Он бросился на землю и несколько раз стукнулся лбом о землю, как идиот. Но на мой вопрос так ничего путного и не ответил.
— Идем, Ехонала! — позвала меня Нюгуру. — Не беспокойся, наши люди наверняка проверили этот храм, прежде чем мы сюда приехали.
Казалось, что храм действительно тщательно подготовили к нашему приезду, вычистили его старую крышу и внутреннее пространство. Главный монах был толстогубым, крепким и румяным парнем приятной наружности.
— Богиня милосердия Гуань Инь сегодня вспотела, — улыбаясь сказал он. — Этот небесный знак сказал мне о том, что мимо храма проедут Их Императорские Величества.

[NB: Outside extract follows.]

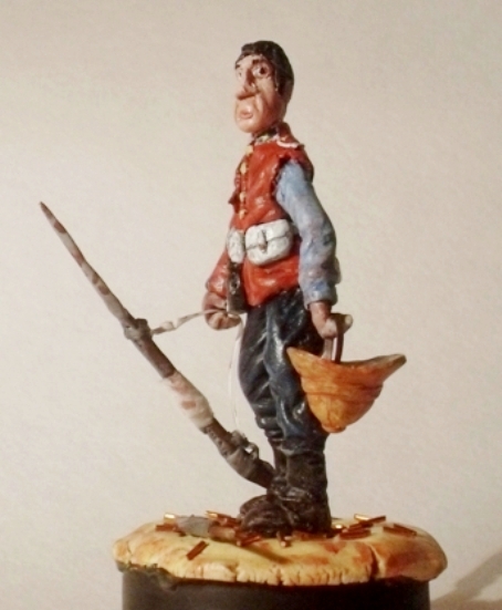 Выполнено из двукомпонентного пластичного эпоксилина дуо «Момент», окрашено акрилом REEVES. Подставка – крышка от питьевого йогурта и масса для лепки КЕРА. Ассегай – палочка от мороженного и эпоксилин. Гильзы – медная проволока. Размер 80мм.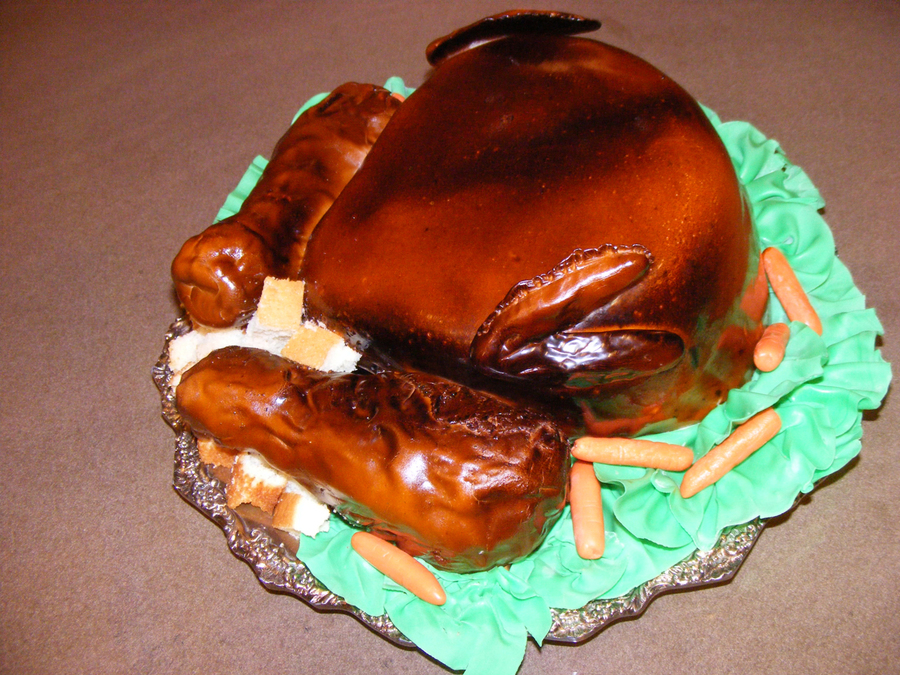 Cake with drumsticks made with RCT covered with fondant and airbrushed.

Пусть наш храм маленький, но наше скромное гостеприимство будет восполнено из руки Будды, достигающей бесконечности.
На ужин нам подали суп из имбиря, соевые бобы и пшеничные булочки. Тун Чжи чуть не вылизывал тарелки. Я тоже умирала с голоду и несколько раз просила добавки. Нюгуру сначала крепилась. Она проверила все пуговицы на своем платье, удостоверившись, что ни одна из них не потеряна, потом поправила увядшие цветы у себя в прическе. Потом чуть-чуть пригубила суп, но дальше уже не могла сдерживаться и начала опустошать поставленные перед ней тарелки, как крестьянка.
После еды главный монах вежливо показал нам наши комнаты и удалился. Возле кроватей мы обнаружили керамические жаровни и порадовались. Мы тут же положили на них наше мокрое платье для просушки. А когда Тун Чжи сказал, что тут есть и наполненные теплой водой ванны, Нюгуру сперва вскрикнула от радости, а потом вздохнула:
— Кажется, мне придется сегодня мыться без служанок. — И тут же начала раздеваться.

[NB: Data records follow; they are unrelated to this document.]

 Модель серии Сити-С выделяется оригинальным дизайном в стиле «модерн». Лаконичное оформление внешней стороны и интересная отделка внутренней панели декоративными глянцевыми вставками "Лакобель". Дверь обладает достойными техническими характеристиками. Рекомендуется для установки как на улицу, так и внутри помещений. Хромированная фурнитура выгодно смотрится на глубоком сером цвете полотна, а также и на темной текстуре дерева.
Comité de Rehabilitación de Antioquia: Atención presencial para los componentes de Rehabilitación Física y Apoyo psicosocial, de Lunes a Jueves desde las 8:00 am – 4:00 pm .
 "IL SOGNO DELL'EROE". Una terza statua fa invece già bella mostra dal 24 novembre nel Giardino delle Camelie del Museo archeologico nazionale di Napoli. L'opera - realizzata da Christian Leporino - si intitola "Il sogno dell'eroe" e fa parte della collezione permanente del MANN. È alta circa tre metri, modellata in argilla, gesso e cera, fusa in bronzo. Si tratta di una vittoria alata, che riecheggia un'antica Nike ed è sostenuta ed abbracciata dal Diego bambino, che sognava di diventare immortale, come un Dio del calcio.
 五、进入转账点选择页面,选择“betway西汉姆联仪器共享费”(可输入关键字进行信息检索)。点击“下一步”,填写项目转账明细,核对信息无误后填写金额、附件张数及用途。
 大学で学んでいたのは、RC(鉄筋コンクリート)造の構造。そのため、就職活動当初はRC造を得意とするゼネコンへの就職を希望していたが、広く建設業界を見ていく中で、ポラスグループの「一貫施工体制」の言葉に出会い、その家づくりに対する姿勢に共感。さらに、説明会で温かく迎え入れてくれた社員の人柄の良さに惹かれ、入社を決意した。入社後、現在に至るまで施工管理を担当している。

Я впервые видела ее обнаженной. Ее тело цвета слоновой кости было чудесным творением небесного искусства—тонкое в кости, с крепкими, похожими на яблоки, грудями и стройными длинными ногами. Ее прямая, узкая спина переходила в чувственные округлости ягодиц. Я даже подумала, что бесформенные маньчжурские одежды — это преступление перед женщинами.
Словно серна в лунном свете, Нюгуру погрузилась в ванну, медленно и величественно вымылась с головы до пят. Я подумала: это зрелище исключительно для глаз Сянь Фэна.
Посреди ночи я проснулась. Нюгуру и Тун Чжи крепко спали. Во тьме ко мне вновь вернулись все мои подозрения. Я вспомнила улыбку главного монаха: ей явно не хватало искренности. У других монахов в наружности тоже не было ничего смиренного и отрешенного — того, что так привычно связано в наших головах с обликом буддистов. Они постоянно зыркали по сторонам, украдкой бросали взгляды на главного, словно ждали от него условного сигнала. Во время еды я спросила главного монаха о местных бандитах. Он ответил, что никогда ничего такого не слышал. Но правду ли он говорил? Разведчики докладывали, что эти места знамениты своими разбойниками. И если он провел здесь много лет своей жизни, то как он мог об этом не знать?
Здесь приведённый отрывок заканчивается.